I don't have time to go chasing this stuff any further on your behalf,
but it *does* smell to me like an icache management problem. Remember,
MIPS processors almost universally have split I/D caches and no
coherence support between them, so if you either (a) forget to do an
explicit D-cache write-back operation after copying to a page mapped
write-back that's going to be used as instructions/text, or (b) forget
to do an explicit I-cache invalidate when you re-use a page for
instructions that has been previously used for a different instruction
page, you will have problems, even without going into DMA I/O coherence
issues. If your problem were (b), though, you'd be seeing bad answers,
segmentation violations, bus errors, etc., at least as often as you'd
be seeing illegal instruction exceptions. So my money would be on (a).|
The need for cache management is so fundamental to Linux for MIPS that
all the necessary general hooks have been there for years. If I were
you, I'd focus on the definitions of the primitives that you spotted in
c-r4k.c. Does the stuff in the JZ_RISC section correspond to the
assembly language flush sequence done in the Ingenic patch to head.S?

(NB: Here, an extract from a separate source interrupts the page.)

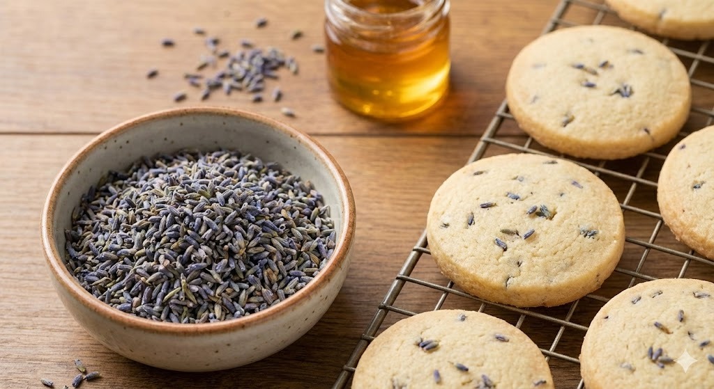 Enfin, voici un exemple d’utilisation correcte. On voit bien dans le bol les petites fleurs séchées de Lavande Vraie, prêtes à être incorporées dans la pâte ou saupoudrées sur les biscuits après cuisson. L’association avec le miel est un classique indémodable.

Are you sure that the JZ_RISC section is in fact the version of those
functions that's being built into your kernel?
Nils Faerber wrote:
Kevin D. Kissell schrieb:
The only thing that you've mentioned below that really makes me think
that you're looking at a kernel bug is the comment about things not
failing under GDB. But if *any* of the programs that are failing fail
under gdb, I'd want to know just what instruction is at the place where
they're taking a SIGILL. If gdb heisenbergs things too much, then the
basic brute force thing to do would be to instrument the kernel itself
to report on what happened, and what it sees at the "bad instruction"

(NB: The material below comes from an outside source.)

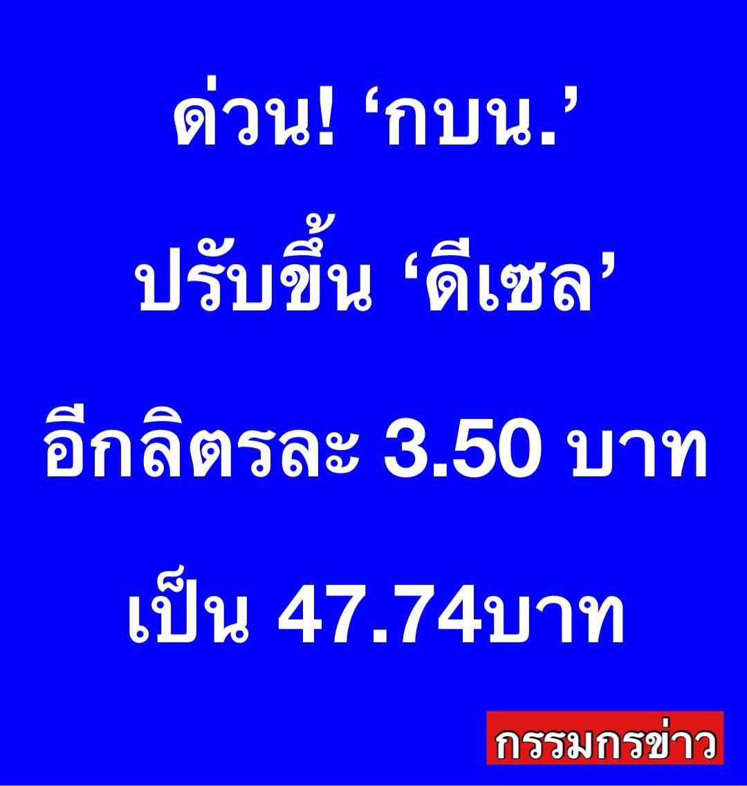 ด่วน! ‘กบน.’ ปรับขึ้น ‘ดีเซล’ อีกลิตรละ 3.50 บาท เป็นลิตรละ 47.74บาท ส่วน ‘เบนซิน’ รอผู้ค้าประกาศ

address, using printk. If the memory value actually looks like a legit
instruction, it would confirm the hypothesis that you've got an icache
maintenance problem. I note that the Ingenic patch has a "flushcaches"
routine that has hardwired assumptions about the cache organization.

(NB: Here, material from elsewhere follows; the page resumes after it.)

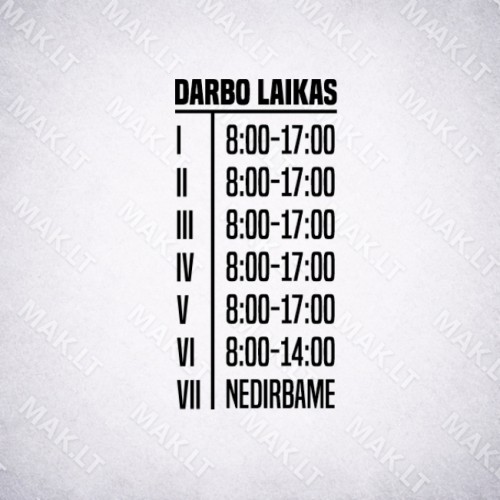 Darbo laiko lipdukas – tai paprastas ir estetiškas būdas informuoti klientus apie jūsų įmonės darbo laiką. Lipdukas skirtas klijuoti ant parduotuvių, biurų, grožio salonų, kavinių ar kitų paslaugų vietų durų bei vitrinų. Aiškiai pateiktas darbo laikas ant durų leidžia klientams greitai sužinoti, kada įmonė dirba.

Could those be incorrect on the chip you're using?
Thanks for having a thought about the issue!
By now I pitily have to admit that my GDB assumption was not all that
correct :( After *a*lot* more tries I found an application that actually
also fails inside GDB. But with some more tries I can now confirm that
applications fail at random points - it is not a single instruction that
causes the fault but rather random points.
So I think your memory/cache issue theory sounds pretty interesting...
I just had a look at the JZ4730 code (in arch/mips/jz4730/) and the only
mention of a cache flush is in pm.c which will only be executed in case
of going to sleep (i.e. CPU deep sleep aka s2ram).
arch/mips/mm/c-r4k.c also contains a JZ_RISC section for setting up
cache options and arch/mips/mm/tlbex.c a TLB case special for the JZ.
Those look promising!
I could very well think of cases where a wrong cache flush could cause
such or similar problems.
Regards, and happy hunting,
Happy? When I found it maybe. The annoying thing about this is that
Ingenic is not very helpful. I emailed them several times already asking
for the full datasheet of the CPU with no replay at all yet. The
datasheet they hae on their webpage is just the brief with about 60
pages and not very helpful when you ar elooking for details like cache
So I will have to resort to experiments - trial an error.
Thank you very much for your thoughts and idea!